ABOUT THIS EXERCISE. Carry none of the pictures over; write out the complete data exactly.
***** INFORMATION PROVIDED *****
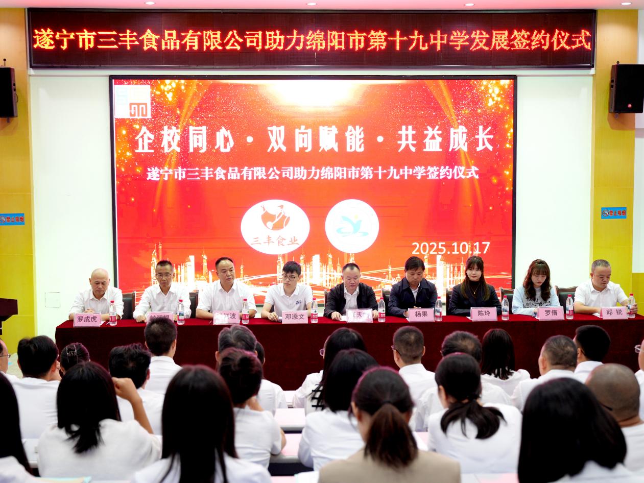 今日,遂宁市三丰食品有限公司助力绵阳市第十九中学发展签约仪式顺利举行。活动现场,双方领导与代表齐聚,共同见证这份以助力学校发展为目标、以关爱学子为核心的合作启航,空气中满是对校园成长与贫困学子未来的关切与期待。
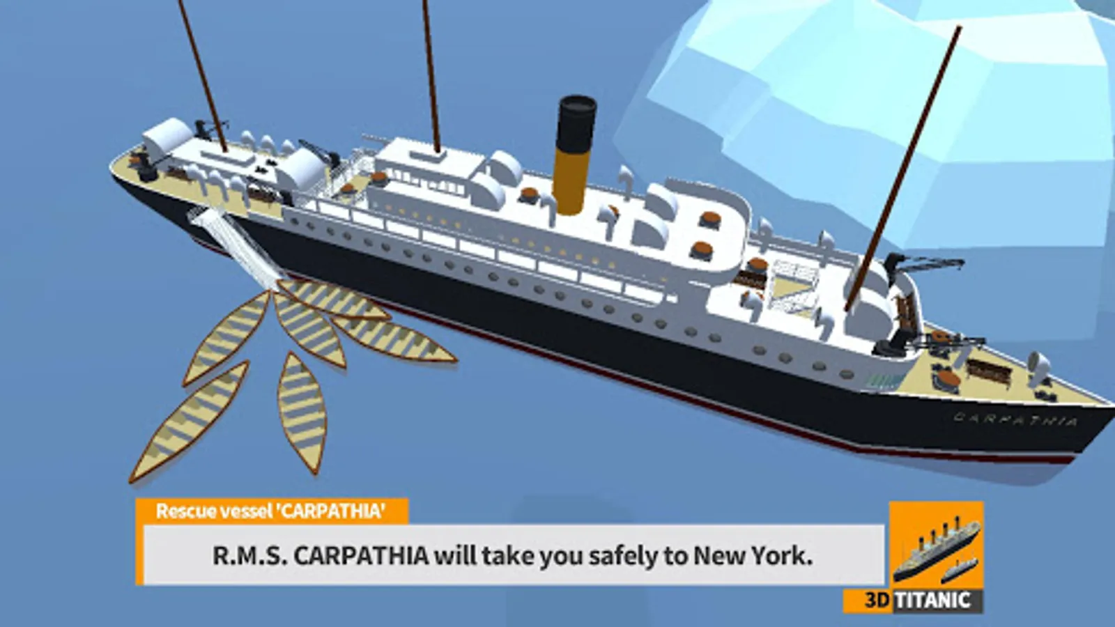 - If you are on a lifeboat, you can board a ship called 'Carpathia' which heads for New York.
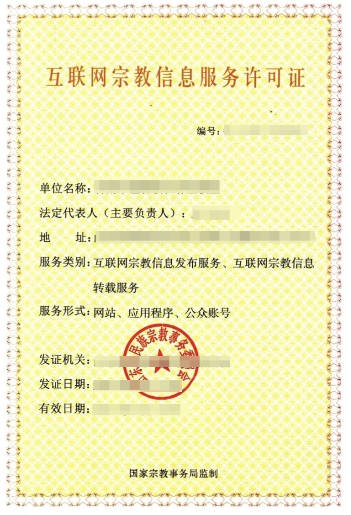 | 宗教基础信息展示、宗教典籍传播、宗教活动发布、宗教知识科普等 | 《互联网宗教信息服务许可证》 |
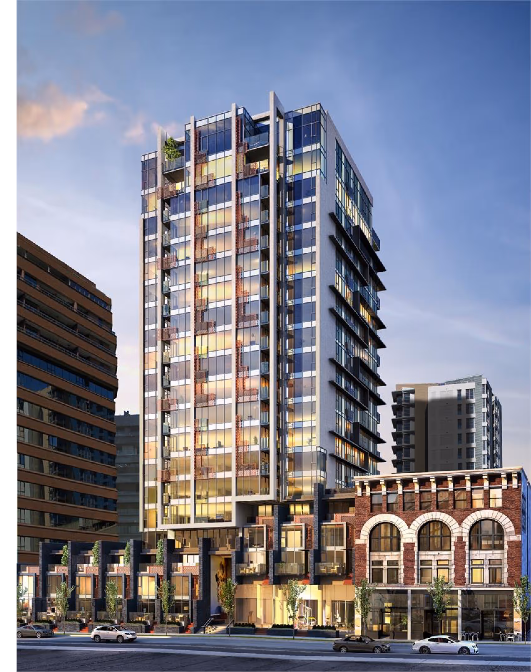 Located at the intersection of heritage and high design, Addition redefines downtown living by uniting a contemporary condominium tower with the historic Murray Hotel, one of Vancouver’s preserved SRO landmarks.
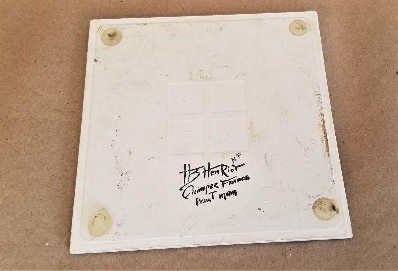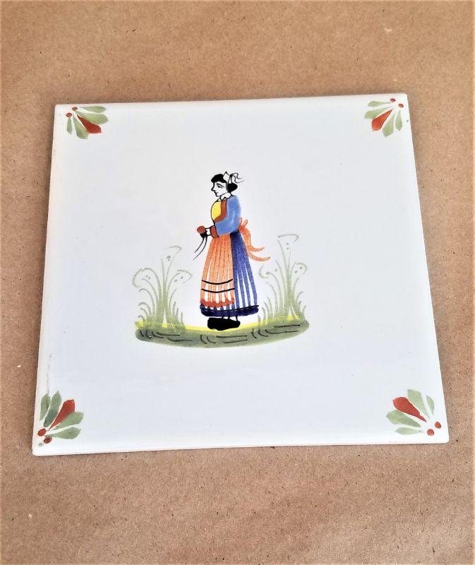 Sweet little Quimper tile featuring the figure of a Breton Lady on the front. Marked on reverse. Measures 6" x 6".
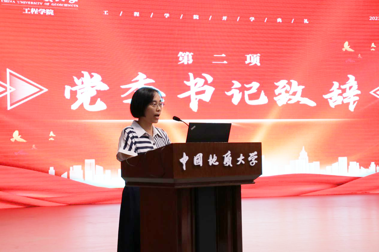 开云手机平台_开云(中国)党委书记李红丽致辞。李书记首先代表全院师生员工对加入开云手机平台_开云(中国)的860名新成员致以热烈的欢迎,祝福同学们选择了开云手机平台_开云(中国)这个温暖而又奋进的大家庭。她指出,当代大学生正值云程发轫、万里可期的青春韶华,要全面学习学院的辉煌历史,深刻感受学院的使命担当,铭记院训深意,争做时代栋梁。要“明理”,即明辨是非,通晓道理,要明白做人之理、为学之理、尊法之理;要“尚实”,即崇尚务实作风,要在实处用力,在知行合一上下功夫;要“拓新”,即开拓创新,要面向世界科技前沿、面向经济主战场、面向国家重大需求、面向人民生命健康,解放思想,开拓创新,与时俱进;要“砺行”,即砥砺前行,在攻坚克难中磨砺心性,坚守初心,锻造本领,成长成才。她勉励同学们以院训精神为指引,树牢远大志向、矢志不懈奋斗,努力学习,潜心科研,乐观开朗,积极向上,做堪当时代大任的新时代地大工程人,为建设社会主义现代化国家做出属于青年一代的贡献。
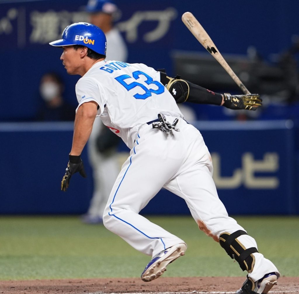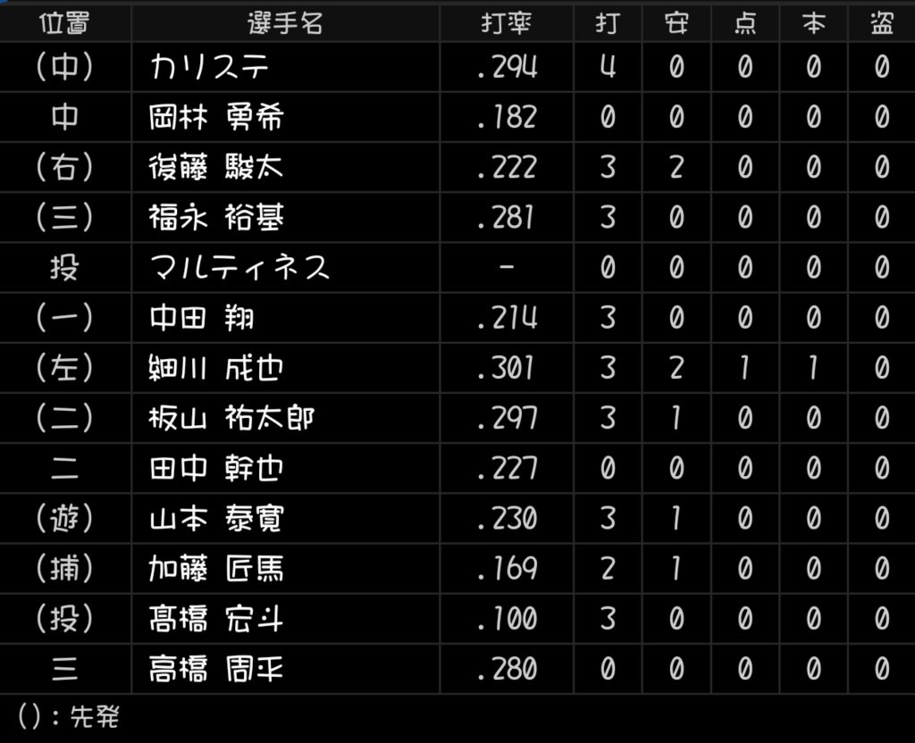 もうひとり今季初スタメンの後藤駿太が好打好守でマルチヒット。8回にも右中間に抜けようかという当たりをシングルヒットで止める好プレーもあり、たぶんこの連戦はスタメン起用当確かな。
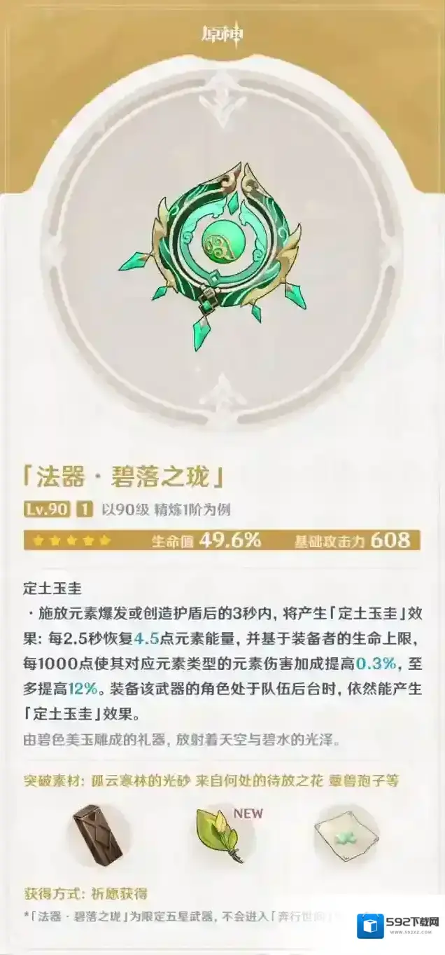 须弥系列四星武器,基于自身元素精通为队伍增加攻击力,辅助能力较强。但是一般法师除了种门和风系很少有堆精通词条的,所以泛用性不算高。
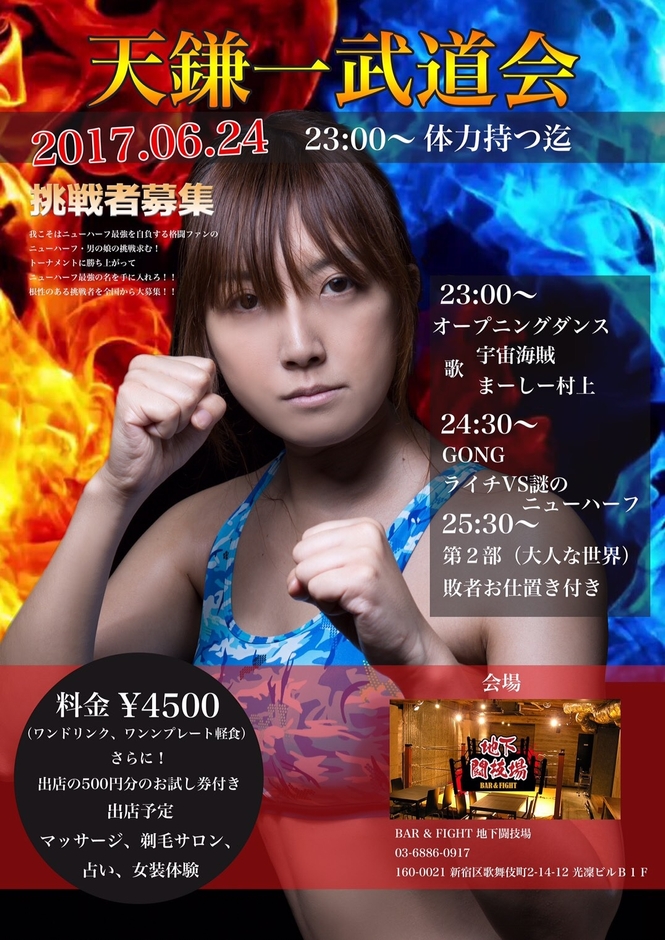 2016年2月に歌舞伎町にオープンした“店内にリングのある”コンセプトバー『BAR&FIGHT 地下闘技場』(所在地:新宿区歌舞伎町2丁目)は、6月24日(土)に最強ニューハーフを決めるべく『天鎌一武道会』を開催いたします。
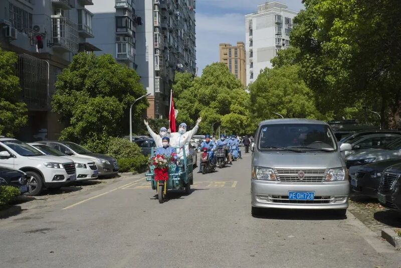 既然走不了,那就一起留在社区做志愿者吧。 近日,宝山区顾村镇采菊苑(防范区)小区内,90后党员志愿者王佳亮和龚逸忱举办了一场简单而特殊的婚礼。 新郎没有穿上帅气的西装,新娘也没有披上洁白的婚纱,取而代之的是两人统一的全套防护服加佩戴党徽的搭配。自参与社区志愿服务以来,这是两位新人再熟悉不过的装束,也是他们对这段特殊时期的纪念。“白底蓝边的‘大白’比婚纱还漂亮,对我们而言,这是一个意义非凡、终生难忘的婚礼!” 新郎王佳亮出生于1993年,是上海建工五建集团第三工程公司的一名工作人员,新娘龚逸忱出生于1995年,是彩虹幼儿园的一名教师。今年3月23日原本是他们回崇明岛举办婚礼的日子。就在两人请好假准备回去的那天,社区实行封控管理的消息传来。乐观的他们没有多想,马上消化了婚礼要延期举行的情况,还共同作出决定——既然走不了,那就一起留在社区做志愿者吧。 两位年轻人的加入让社区志愿服务团队更有力量。怀着“哪里需要就去哪里”的想法,他们参与了多个岗位的服务。社区核酸采样时,他们主动配合医护人员,帮忙搭棚、抬桌子,为不会使用智能手机的老人生成、打印检测码。快递运送组缺人,他们就赶到门口,帮着一起分拣、运送到居民楼栋口,遇上老人腿脚不便不能下楼,他们便主动送货上门。过去的一个月来,除了线上办公和休息的时间,两人几乎全情投入志愿服务,收获了社区居民的一致好评。 4月的一天,两人在服务时无意中提到了原本要举办的婚礼,一旁的志愿者听后,暗暗记下了这件事。按照全市实施的分区分类差异化防控,采菊苑划定为防范区,经过与上级管理部门的报备、征询,居委和志愿者们决定一起准备一个惊喜——为两人筹备一场社区婚礼。 因为保密工作做得好,小王和小龚一直没有察觉到伙伴们的“暗中行动”,直到一切都准备妥当,大家才把这个喜讯告诉他们。顾村镇总工会准备了手工编织的胸花和床上四件套作为爱心贺礼,居委更是送上了筹备多日的一本新婚祝福册。居委干部表示,这本册子上写满了百余户居民签名的“新婚快乐”“永结同心”“百年好合”等祝福语,都是居委社工和志愿者们在平日服务中一点点收集来的。“大家都为这件喜事感到特别高兴!” 婚礼当天,在严格按照防控要求的前提下,身穿“大白”的新人乘坐一辆两人都非常熟悉的平时运送物资的三轮车“婚车”,与身后身穿“小蓝”的送货志愿者电动车队一起绕小区兜了一圈,随后来到一个空旷的平地,致谢辞、交换戒指。双方父母和亲朋好友则通过手机视频连线,“云出席”了这场婚礼,送上新婚祝福。 尽管婚礼只持续了短短十来分钟,但两位新人感慨万分:“看到那么多人把我们的事放在心上,送来各种各样的关心祝福,我们真的非常感谢,非常感动!接下来,我们还是会继续坚守岗位,与大家一起守护我们的美丽家园。”
*****
THE COMPLETED TASK.
 今日,遂宁市三丰食品有限公司助力绵阳市第十九中学发展签约仪式顺利举行。活动现场,双方领导与代表齐聚,共同见证这份以助力学校发展为目标、以关爱学子为核心的合作启航,空气中满是对校园成长与贫困学子未来的关切与期待。
 - If you are on a lifeboat, you can board a ship called 'Carpathia' which heads for New York.
 | 宗教基础信息展示、宗教典籍传播、宗教活动发布、宗教知识科普等 | 《互联网宗教信息服务许可证》 |
 Located at the intersection of heritage and high design, Addition redefines downtown living by uniting a contemporary condominium tower with the historic Murray Hotel, one of Vancouver’s preserved SRO landmarks.
 Sweet little Quimper tile featuring the figure of a Breton Lady on the front. Marked on reverse. Measures 6" x 6".
 开云手机平台_开云(中国)党委书记李红丽致辞。李书记首先代表全院师生员工对加入开云手机平台_开云(中国)的860名新成员致以热烈的欢迎,祝福同学们选择了开云手机平台_开云(中国)这个温暖而又奋进的大家庭。她指出,当代大学生正值云程发轫、万里可期的青春韶华,要全面学习学院的辉煌历史,深刻感受学院的使命担当,铭记院训深意,争做时代栋梁。要“明理”,即明辨是非,通晓道理,要明白做人之理、为学之理、尊法之理;要“尚实”,即崇尚务实作风,要在实处用力,在知行合一上下功夫;要“拓新”,即开拓创新,要面向世界科技前沿、面向经济主战场、面向国家重大需求、面向人民生命健康,解放思想,开拓创新,与时俱进;要“砺行”,即砥砺前行,在攻坚克难中磨砺心性,坚守初心,锻造本领,成长成才。她勉励同学们以院训精神为指引,树牢远大志向、矢志不懈奋斗,努力学习,潜心科研,乐观开朗,积极向上,做堪当时代大任的新时代地大工程人,为建设社会主义现代化国家做出属于青年一代的贡献。
 もうひとり今季初スタメンの後藤駿太が好打好守でマルチヒット。8回にも右中間に抜けようかという当たりをシングルヒットで止める好プレーもあり、たぶんこの連戦はスタメン起用当確かな。
 须弥系列四星武器,基于自身元素精通为队伍增加攻击力,辅助能力较强。但是一般法师除了种门和风系很少有堆精通词条的,所以泛用性不算高。
 2016年2月に歌舞伎町にオープンした“店内にリングのある”コンセプトバー『BAR&FIGHT 地下闘技場』(所在地:新宿区歌舞伎町2丁目)は、6月24日(土)に最強ニューハーフを決めるべく『天鎌一武道会』を開催いたします。
 既然走不了,那就一起留在社区做志愿者吧。 近日,宝山区顾村镇采菊苑(防范区)小区内,90后党员志愿者王佳亮和龚逸忱举办了一场简单而特殊的婚礼。 新郎没有穿上帅气的西装,新娘也没有披上洁白的婚纱,取而代之的是两人统一的全套防护服加佩戴党徽的搭配。自参与社区志愿服务以来,这是两位新人再熟悉不过的装束,也是他们对这段特殊时期的纪念。“白底蓝边的‘大白’比婚纱还漂亮,对我们而言,这是一个意义非凡、终生难忘的婚礼!” 新郎王佳亮出生于1993年,是上海建工五建集团第三工程公司的一名工作人员,新娘龚逸忱出生于1995年,是彩虹幼儿园的一名教师。今年3月23日原本是他们回崇明岛举办婚礼的日子。就在两人请好假准备回去的那天,社区实行封控管理的消息传来。乐观的他们没有多想,马上消化了婚礼要延期举行的情况,还共同作出决定——既然走不了,那就一起留在社区做志愿者吧。 两位年轻人的加入让社区志愿服务团队更有力量。怀着“哪里需要就去哪里”的想法,他们参与了多个岗位的服务。社区核酸采样时,他们主动配合医护人员,帮忙搭棚、抬桌子,为不会使用智能手机的老人生成、打印检测码。快递运送组缺人,他们就赶到门口,帮着一起分拣、运送到居民楼栋口,遇上老人腿脚不便不能下楼,他们便主动送货上门。过去的一个月来,除了线上办公和休息的时间,两人几乎全情投入志愿服务,收获了社区居民的一致好评。 4月的一天,两人在服务时无意中提到了原本要举办的婚礼,一旁的志愿者听后,暗暗记下了这件事。按照全市实施的分区分类差异化防控,采菊苑划定为防范区,经过与上级管理部门的报备、征询,居委和志愿者们决定一起准备一个惊喜——为两人筹备一场社区婚礼。 因为保密工作做得好,小王和小龚一直没有察觉到伙伴们的“暗中行动”,直到一切都准备妥当,大家才把这个喜讯告诉他们。顾村镇总工会准备了手工编织的胸花和床上四件套作为爱心贺礼,居委更是送上了筹备多日的一本新婚祝福册。居委干部表示,这本册子上写满了百余户居民签名的“新婚快乐”“永结同心”“百年好合”等祝福语,都是居委社工和志愿者们在平日服务中一点点收集来的。“大家都为这件喜事感到特别高兴!” 婚礼当天,在严格按照防控要求的前提下,身穿“大白”的新人乘坐一辆两人都非常熟悉的平时运送物资的三轮车“婚车”,与身后身穿“小蓝”的送货志愿者电动车队一起绕小区兜了一圈,随后来到一个空旷的平地,致谢辞、交换戒指。双方父母和亲朋好友则通过手机视频连线,“云出席”了这场婚礼,送上新婚祝福。 尽管婚礼只持续了短短十来分钟,但两位新人感慨万分:“看到那么多人把我们的事放在心上,送来各种各样的关心祝福,我们真的非常感谢,非常感动!接下来,我们还是会继续坚守岗位,与大家一起守护我们的美丽家园。”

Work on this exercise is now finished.